For this part, we carry out two distinct sets of experiments. The first set focuses on models of equivalent computational complexity, and the second emphasizes models sharing the same inter-layer communication cost.

In the first set of experiments, we evaluated models of two distinct computational complexity levels, varying the neuron configurations. Specifically, the configurations encompassed point neurons and dendritic neurons with varying numbers of dendrites. The results for this segment of experiments are displayed in Table 1. Analogous to previous experiments, we observed that models utilizing dendritic neurons were able to achieve comparable performance relative to the point neuron-based models with equivalent computational complexity if they are equipped with efficient inter-layer communication bandwidth.

The second set of experiments is conducted employing models that retain the same inter-layer communication cost. Our experimental procedure begins with a point neuron-based model, which possesses one-fourth of the inter-layer communication complexity compared to the baseline model. This point neuron model is subsequently replaced with dendritic neuron models that contain 4 and 16 dendrites respectively. The corresponding results are systematically presented in Table 2. Upon analyzing these results, it becomes apparent that the performance of the model progressively enhances as we incorporate neurons with an increased number of dendrites.

# of Dendrites	Channel scaling factor	Test error
1 st complexity level(baseline)
1 (baseline)	1	7.72
4	1/2	7.92
16	1/4	8.28
2nd Complexity level
1	2	6.69
4	1	6.69
16	1/2	6.89

Table 1: Comparison of the performance of dendritic models with varying numbers of dendrites per neuron on the LibriSpeech dataset. The table presents models with two levels of computational complexity.
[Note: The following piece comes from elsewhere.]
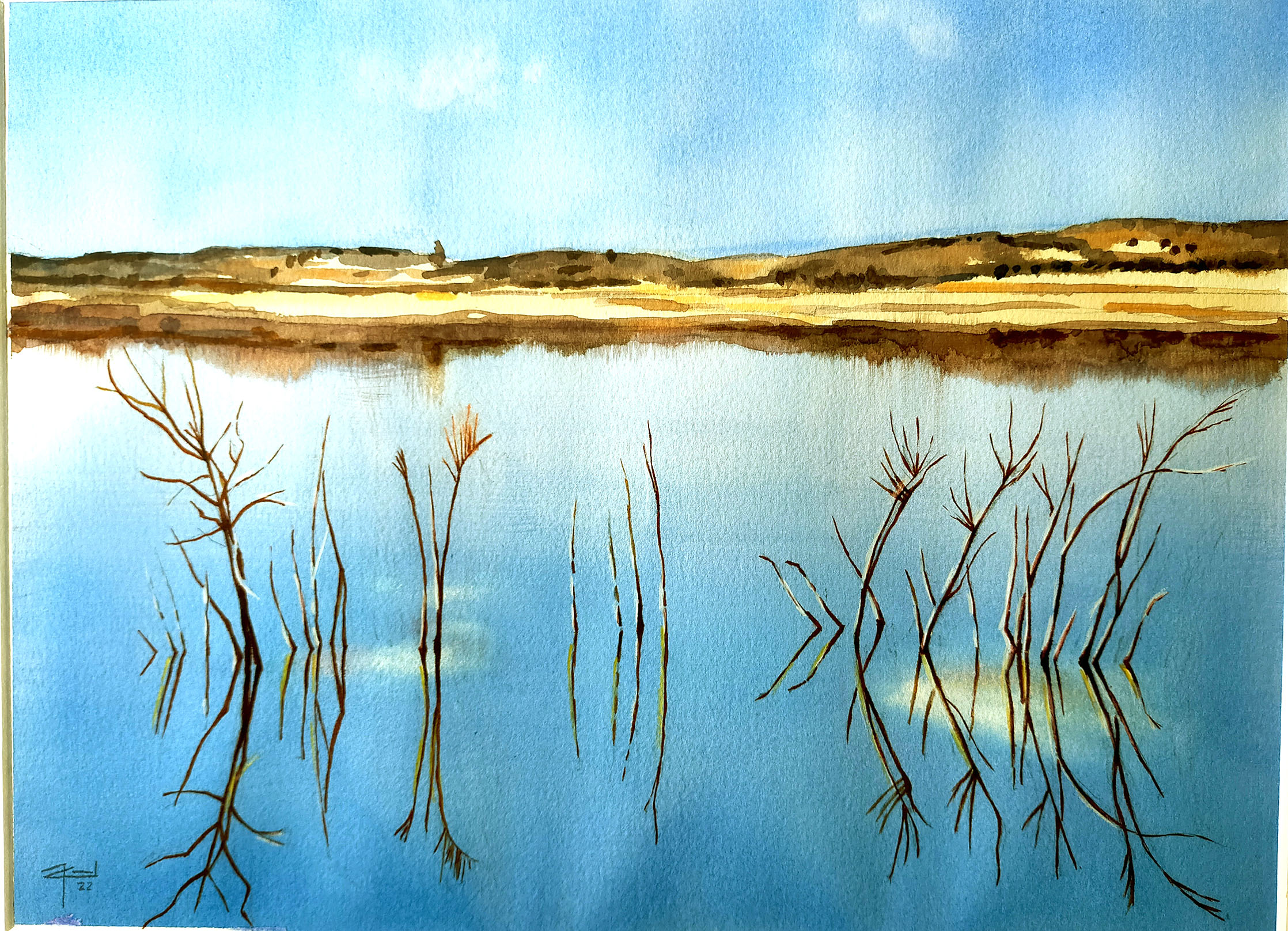 En el trayecto entre Madrid y El Campello por la Autovía de Alicante se pasa cerca de un pueblo llamado Pétrola, donde se encuentran unas lagunas saladas muy interesantes desde el punto de vista hidrológico y ornitológico. Esta acuarela pretende reflejar el inhóspito medio acuático.
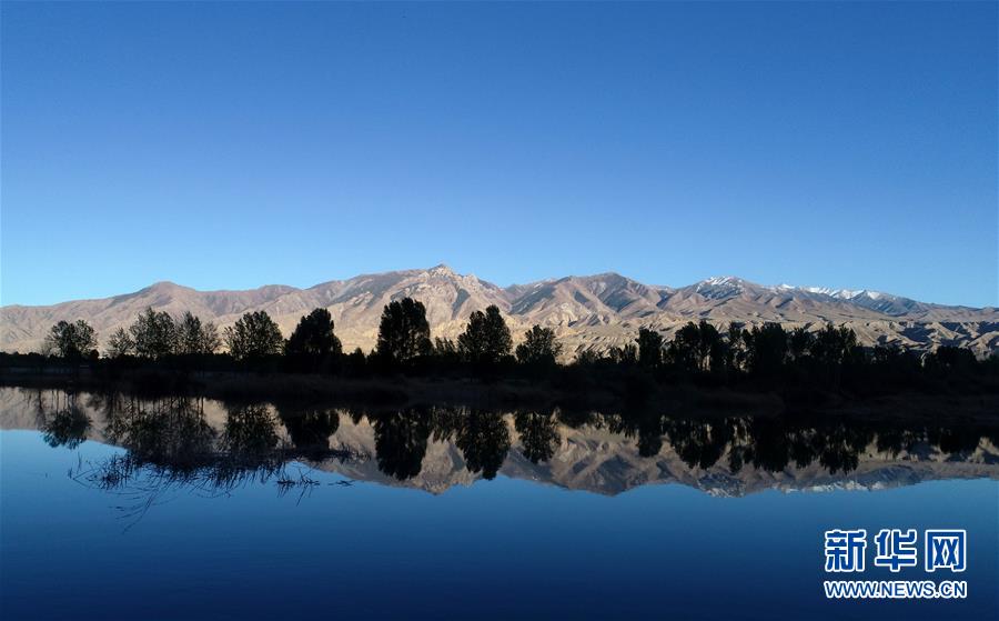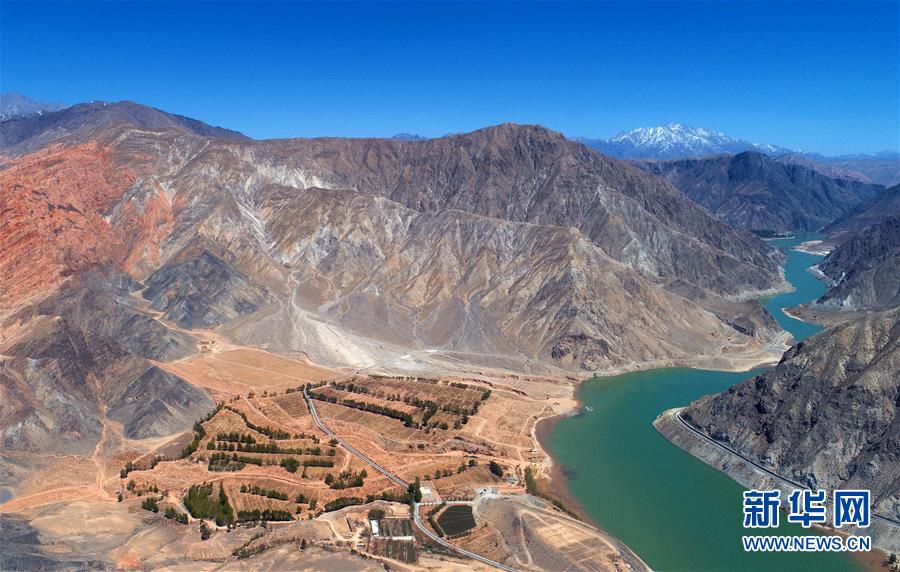 在青海貴德,千姿湖景區(qū)內(nèi)群山與湖水相映成畫(4月16日無人機拍攝)。新華社記者張宏祥攝

To maintain equivalent computational complexity when increasing the number of dendrites in a neuron, the number of inter-layer channels is proportionally reduced, as indicated in the table.

# of Dendrites	Channel scaling factor	Test error
1	1/4	15.39
4	1/4	10.49
16	1/4	8.23

Table 2: Performance Evaluation of Dendritic Models with varying dendritic counts per neuron evaluated on the LibriSpeech Dataset. The models in this comparison have the same inter-layer communication cost.